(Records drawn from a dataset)
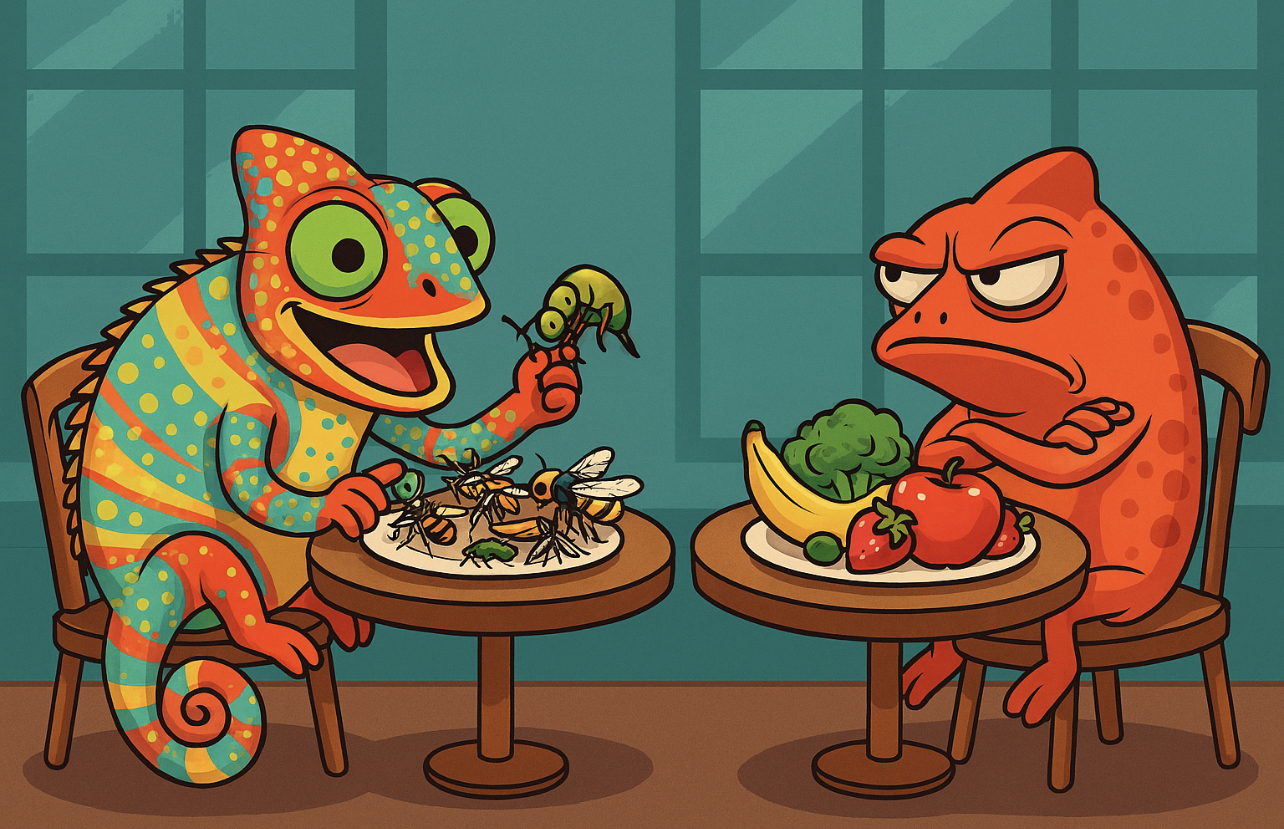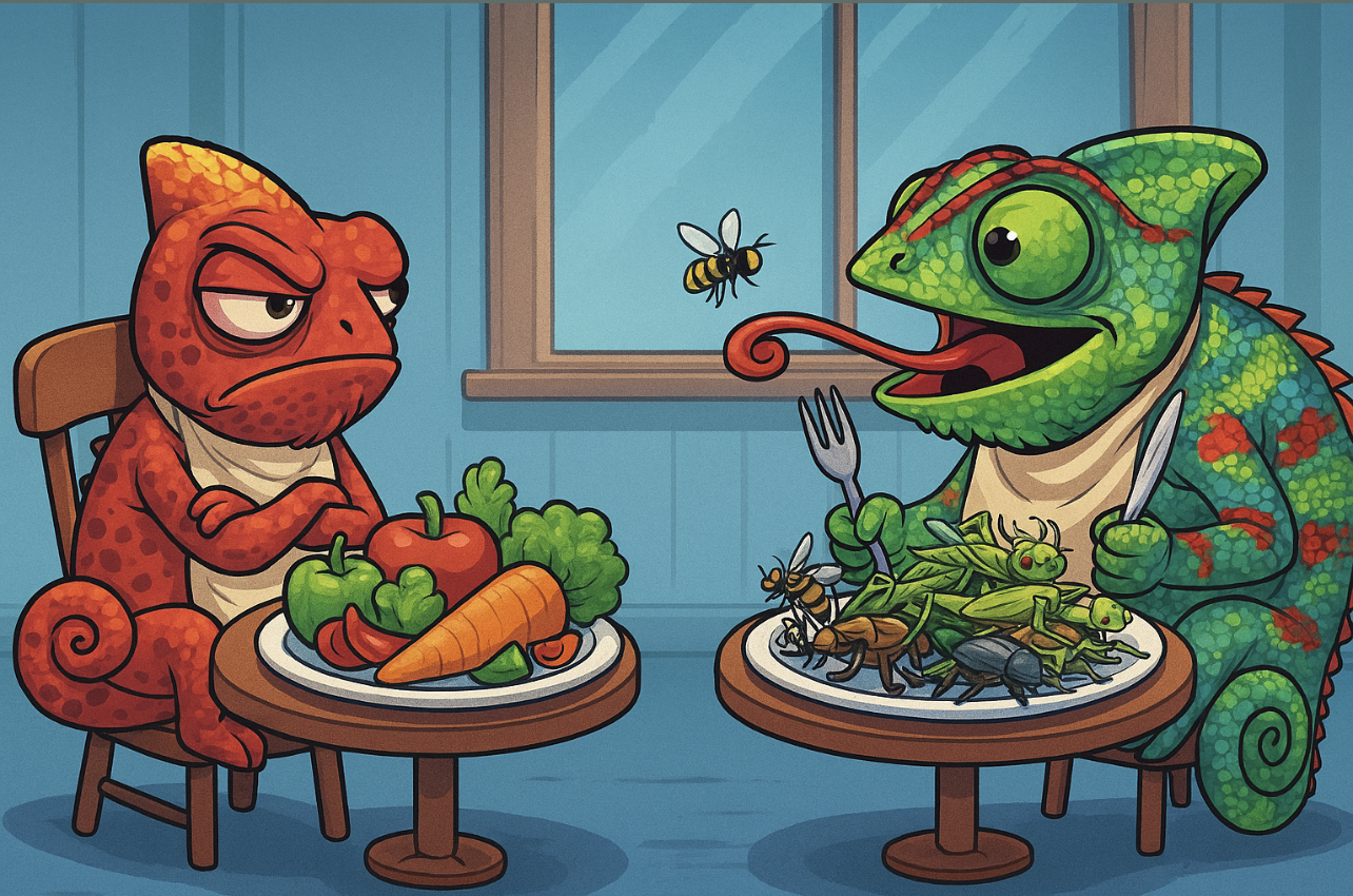 Feeding chameleons plant matter as a substitute for insects is not just wrong — it's dangerous. Their biology, evolution, and digestive systems are built for insect consumption. Misunderstanding this leads to suffering and preventable deaths.
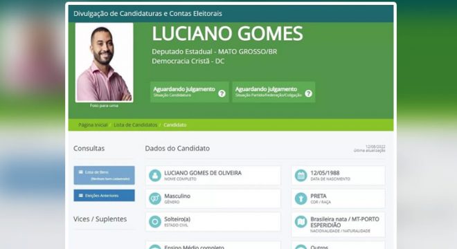 O perfil do pré-candidato a deputado estadual Luciano Gomes de Oliveira de Comodoro, a 677 km de Cuiabá, está cadastrado com a foto de urna do ex-participante do reality show Big Brother Brasil. Uma foto do Gil do Vigor está no site de divulgação de candidaturas e contas eleitorais do Tribunal Superior Eleitoral (TSE).
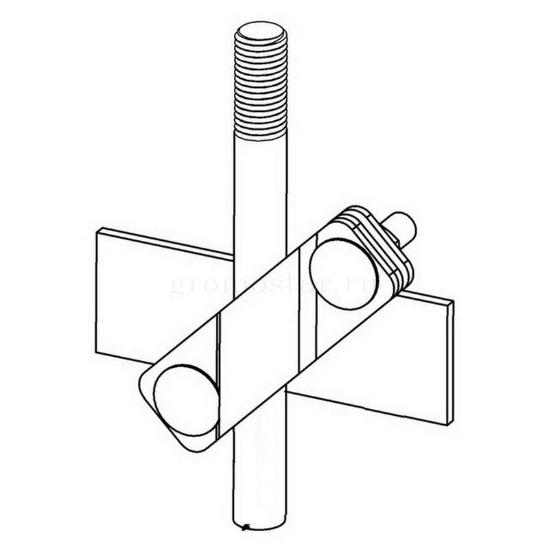 Соединители заземления диагональные для стержня Ø12-Ø14 мм. и полосы 25-60 мм. 3 пластины Gromostar, предназначен для соединения стержня заземления, полосы и круглого проводника при устройстве молниезащиты и заземления.
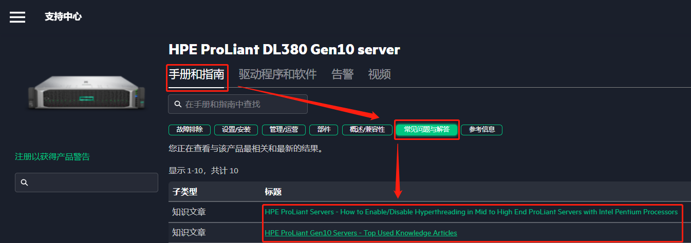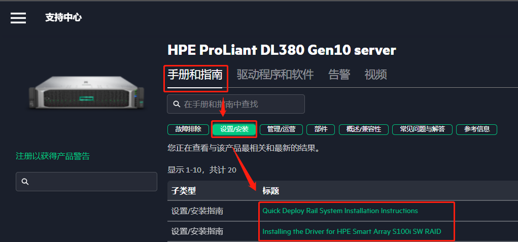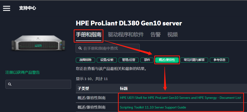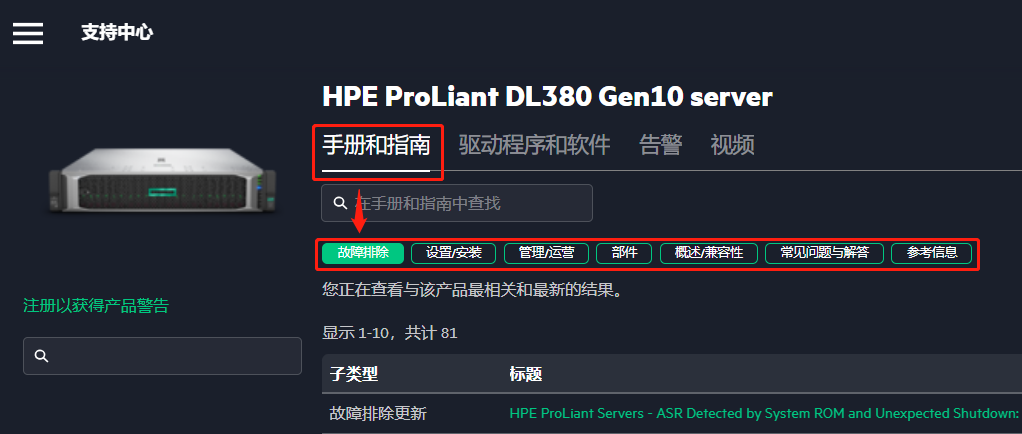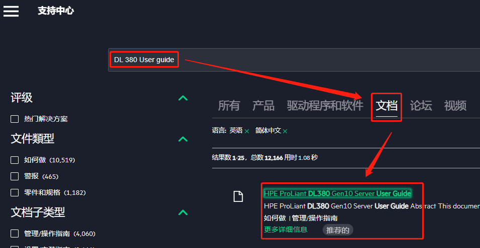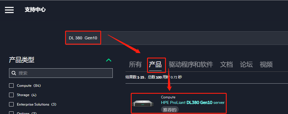 步骤1:上方检索栏输入具体服务器型号,如:DL 380 Gen 10;
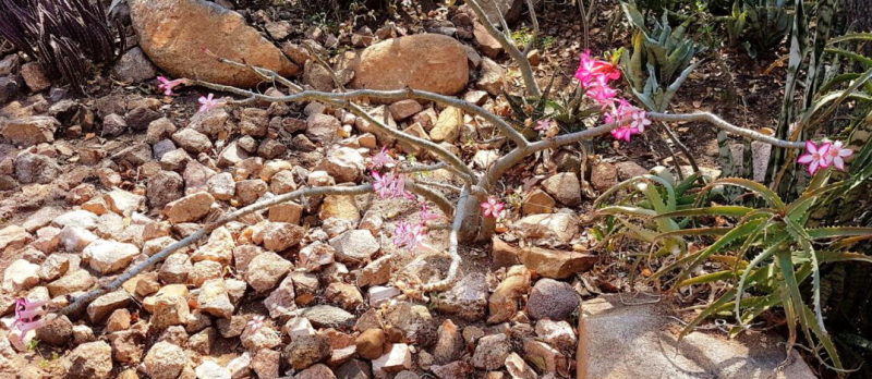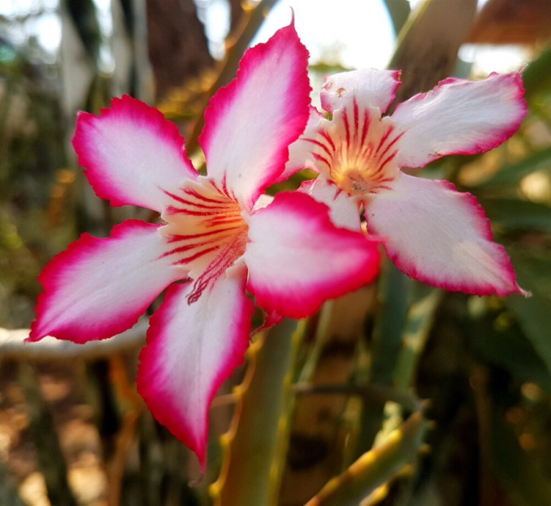Adenium multiflorum is a succulent shrub or small tree with a shape resembling a miniature baobab. The bark is shiny grey to brown. The leaves grow in clusters at the tips of the branches and are shimmering green above and pale below. Before flowering, the plant will shed all its leaves.
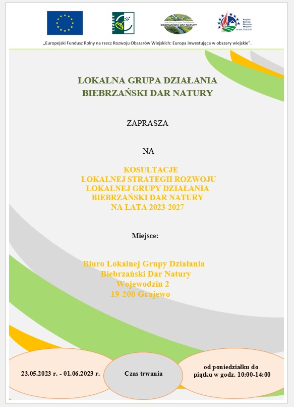 W związku z powyższym zapraszamy do konsultacji społecznych projektu Lokalnej Strategii Rozwoju na lata 2023-2027, który dostępny jest w biurze LGD Biebrzański Dar Natury.
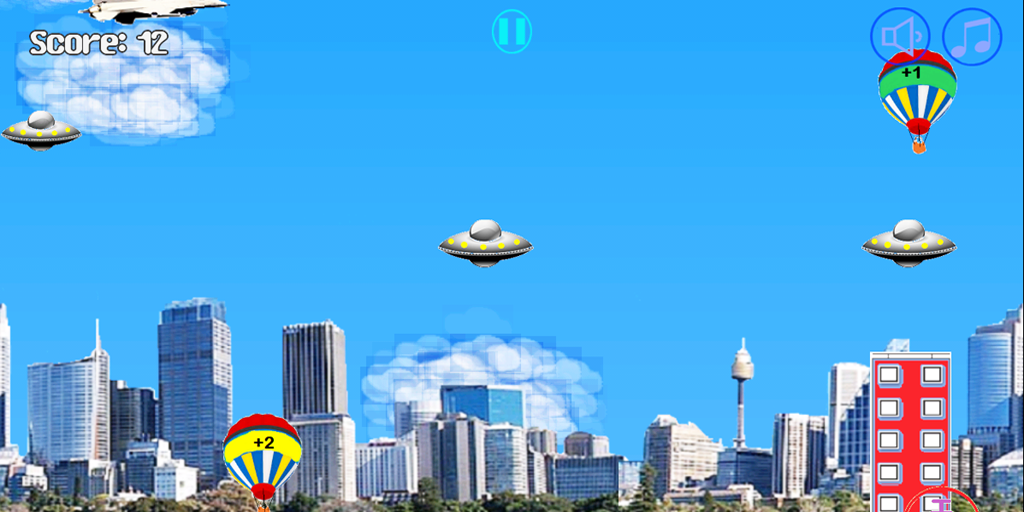 Controle van de jet om de ballonnen pop en ontwijk de vliegende schotels.
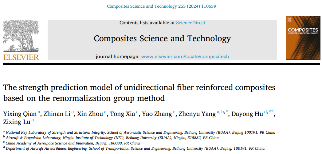 杨振宇副教授团队在国际复合材料领域顶刊《Composites Science and Technology》上发表复合材料强度预测模型最新研究成果

● Exercise directions
Could you set down exactly, and only, the lines from the line containing "Controle van de" through the last line of the records, both included, without the pictures?

● Your response
 Controle van de jet om de ballonnen pop en ontwijk de vliegende schotels.
 杨振宇副教授团队在国际复合材料领域顶刊《Composites Science and Technology》上发表复合材料强度预测模型最新研究成果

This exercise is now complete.